Level and Prerequisites: Part I is a prerequisite for Part II.
The instructors require that participants of this course have a specific type of training and experience, due to the advanced level of the course material.
The majority of candidates will be those in training for a career in clinical pathology or those who already working in the clinical pathology laboratory. In some instances there may be a practitioner or veterinary nurse with an intense interest in clinical pathology that may wish to take this course, but should be advised that the course is intensive and will require a considerable input of time and effort when coming from a background without prior experience in a clinical pathology laboratory typical of a University or reference laboratory.
Desired experience should include:
- prior experience in a clinical pathology laboratory environment
- prior experience in clinical pathology laboratory testing
- interest in quality systems for the clinical pathology laboratory
- interest in provision of leadership and quality management in the clinical pathology laboratory
- desire to gain experience in application of quality management and planning principles using data from your own laboratory, with guidance from experienced clinical pathologists who are experts in quality leadership and quality management.
VIN CE Course: Open to veterinarians and veterinary technicians.
This course has been submitted for RACE approval for veterinarians and veterinary technicians. The Veterinary
Information Network (VIN) is RACE Provider #22.
Course Description:

The course, “Quality Management for the Veterinary Clinical Pathology Laboratory,” is designed to provide an introduction to and practical application of quality management in the veterinary clinical pathology laboratory. It is given in two parts (Part I and Part II). Part I is a prerequisite for Part II.
In Part I, participants will be introduced to theories of management and concepts vital to quality planning. Examples of ISO-based and GLP standards are included. Laboratory design, Westgard Rules, QC Validation and Sigma
Metrics are covered.
In Part II, participants will learn about audits in the veterinary clinical pathology laboratory and determination of reference intervals, as well as Improvement Opportunities, external Quality Assurance performance and a Quality
Plan for the laboratory. There is an introduction to Method Validation and Instrument Performance Verification.
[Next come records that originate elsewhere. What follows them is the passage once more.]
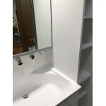 パナソニックのウツクシーズをご提案しました。大きな鏡が見やすく、その鏡の裏は全面収納場所となっており、整理整頓がしやすくなっています。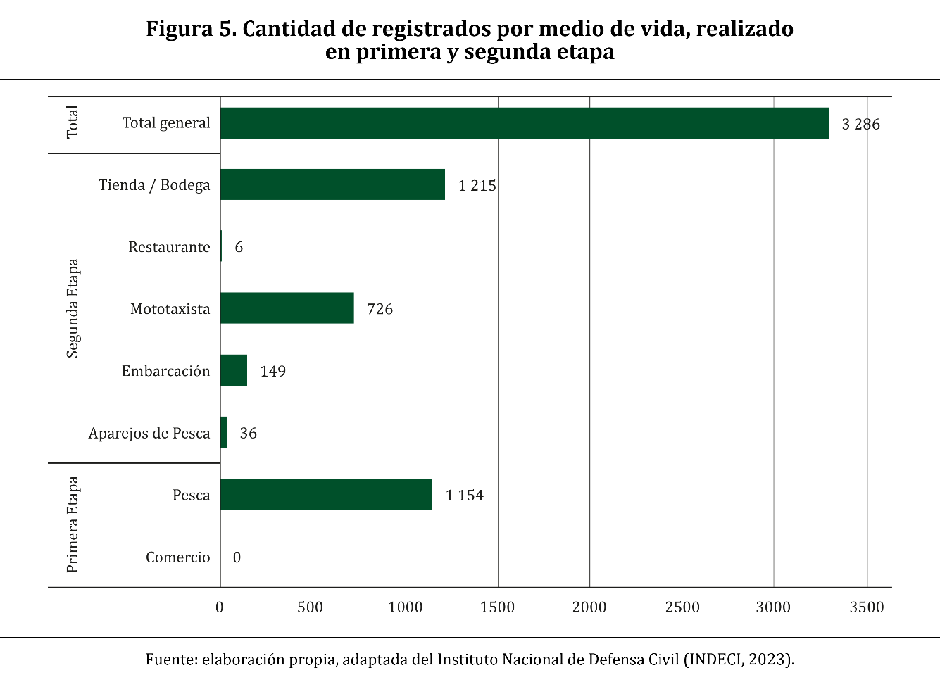Gráficamente se muestra que la mayor cantidad de afectados se relacionan con «Tienda/Bodega» y «Pesca» (4253 registrados). La menor cantidad corresponde a «Restaurante», con solo seis inscritos.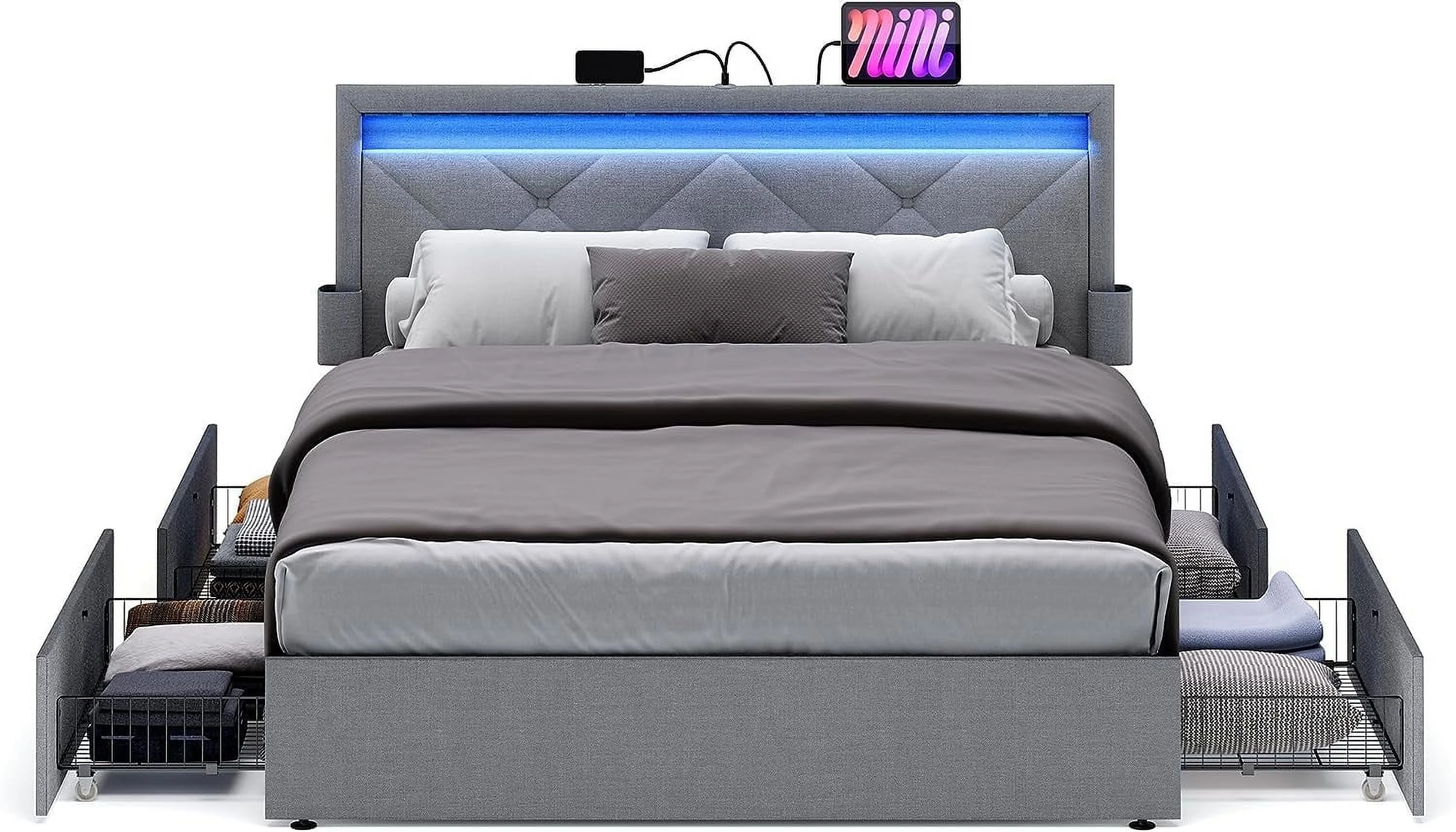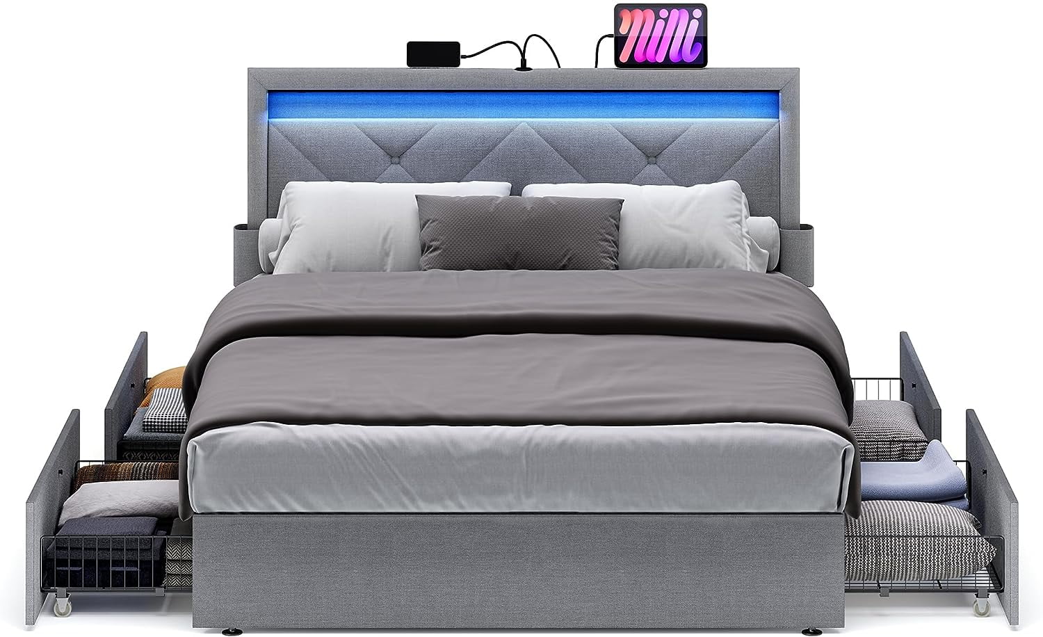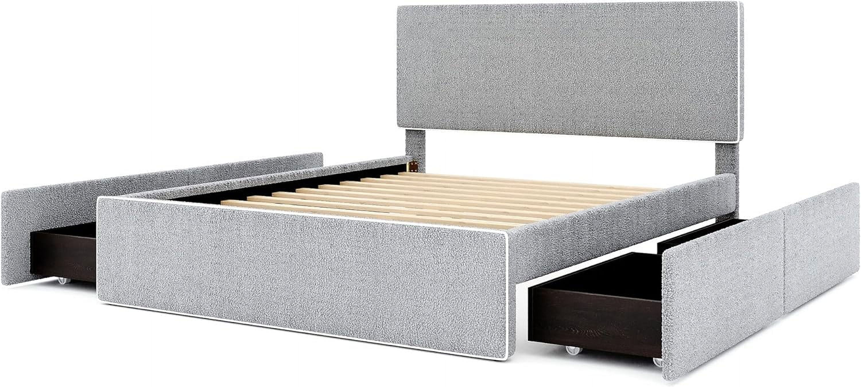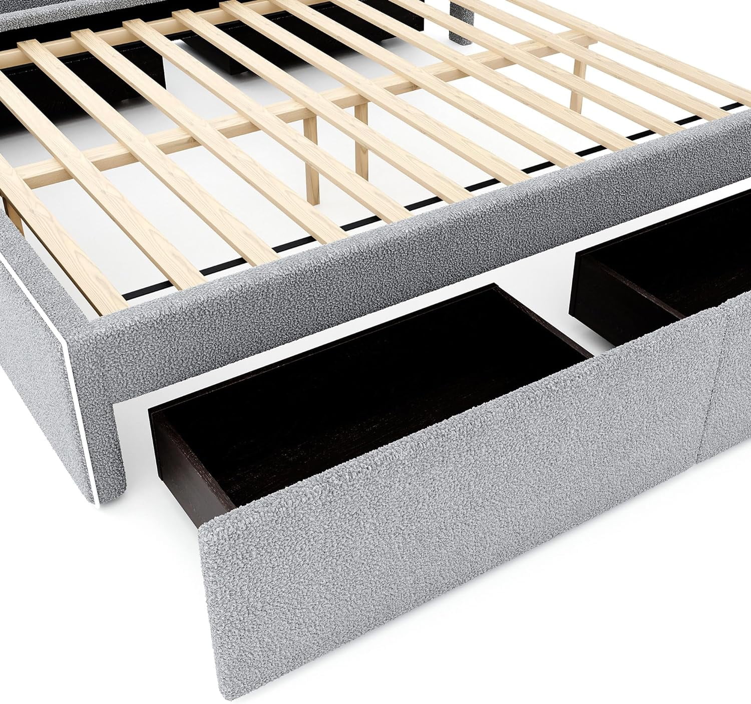 Andoer Queen Size Upholstered Platform Bed with Headboard and Footboard,No Box Spring Needed, Fabric,Gray

There will be real time classroom sessions approximately every 2 weeks. The majority of the work will be done by e-mail of drafts and revisions to the instructors, with the final products of some sections shared with the rest of the participants by posting on the course message boards. The review and participant questions will also be shared on the course message boards. In order to demonstrate satisfactory participation in this course, participants are expected to attend all of the real-time sessions, hand in completed homework assignments and to work with the instructor(s) in revising assigned items until both the instructor(s) and participant are satisfied with the results, as well as pass the examination with a score of at least 80%.
There is some flexibility in the length of time of the course to accommodate holidays for the Instructors and participants. These should be arranged in advance between the instructor and the participants assigned to him/her.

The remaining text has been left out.